De surcroît, cette discipline trouve dans le territoire un outil opératoire, « une méthode rêvée pour approfondir les phénomènes d’identité et de contrôle, d’altérité, d’intégration ou de ségrégation, voire d’exclusion, d’équité, d’égalité, de juste répartition des richesses et des moyens de les produire » (Di Méo, 1998, 5). Ainsi, elle définit tous ces thèmes comme objets centraux de sa recherche. À ce titre, elle se différencie d’une géographie humaine ou d’une géographie culturelle qui n’accordent que peu d’importance aux positions sociales dans l’espace (Di Méo, 1998).

Pour finir, la dimension spatiale de la géographie sociale permet une position avantageuse pour dialoguer avec les autres sciences sociales (Séchet et Veschambre, 2006). Elle s’arrime bien au postulat des sciences du territoire quant à l’interdisciplinarité nécessaire dans l’analyse socioterritoriale.

2.1.3 Science politique

La science politique s’intéresse globalement aux relations de pouvoir qui se développe entre les acteurs individuels et collectifs afin de déterminer la gouverne d’une collectivité humaine (Belley, 2008). La gouvernance inclut donc des jeux de

coopération et de conflits entre les acteurs qui sont liés à l’allocation des ressources disponibles dans cette collectivité. Les ressources sont d’ordre humain, matériel, financier, symbolique ou encore informationnel (Belley, 2008). Dès lors, la science politique s’intéresse « aux diverses règles, formelles et informelles, touchant la répartition des ressources, le fonctionnement et la représentation des institutions politiques à l’intérieur d’un territoire donné » (Belley, 2008 : 237). Le politologue s’intéresse aussi aux dynamiques des territoires par l’analyse des idéologies, des discours, des groupes sociaux et des transformations dans les administrations publiques et les systèmes politiques (Belley, 2008).

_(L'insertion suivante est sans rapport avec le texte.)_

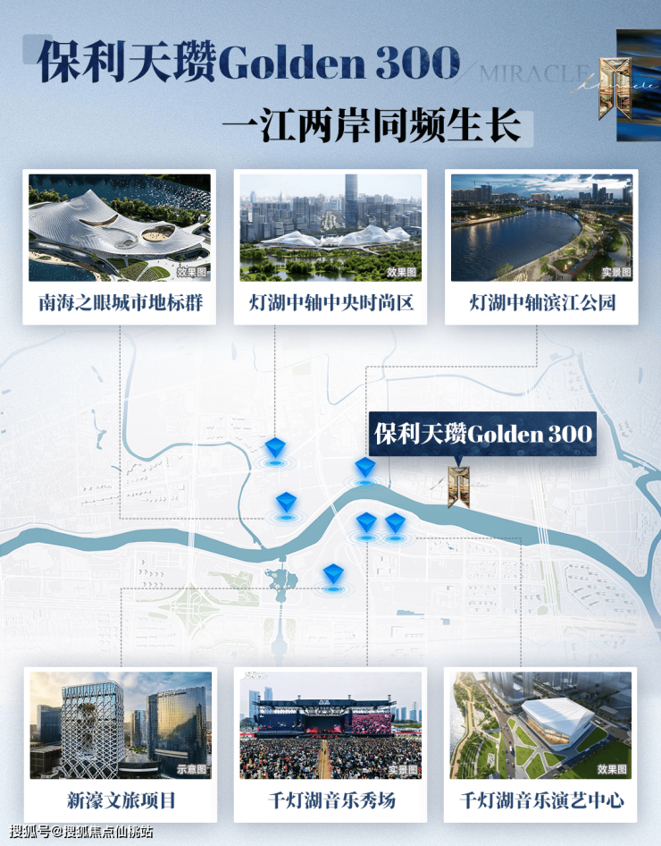 一江之隔,千灯湖音乐演艺中心、新濠文旅项目等重磅城市级配套也在加速兑现,形成了完美的南北呼应,共同构筑起步行即达的高端生活闭环。

Pour la science politique, le territoire est de géométrie variable. Cela signifie qu’il traite de la question des échelles. Au « haut » de l’échelle, le territoire réfère au supranational par les instances internationales et régionales ainsi qu’aux règles de régulation de leurs actions entre les États. À l’antipode, l’échelle du « bas » réfère au territoire infrarégional et aux règles qui gouvernent à cet échelon. L’échelle du « milieu » est celle des territoires nationaux, soit celle des États (Belley, 2008). Dès lors, la science politique permet de comprendre et d’analyser les institutions dans leurs enjeux de représentation, de régulation et d’allocation des ressources touchant les diverses échelles territoriales.

De plus, la science politique met en lumière la notion de gouvernance, plus particulièrement dans la cadre d’une approche intégrée du développement territorial, de la gouvernance territoriale.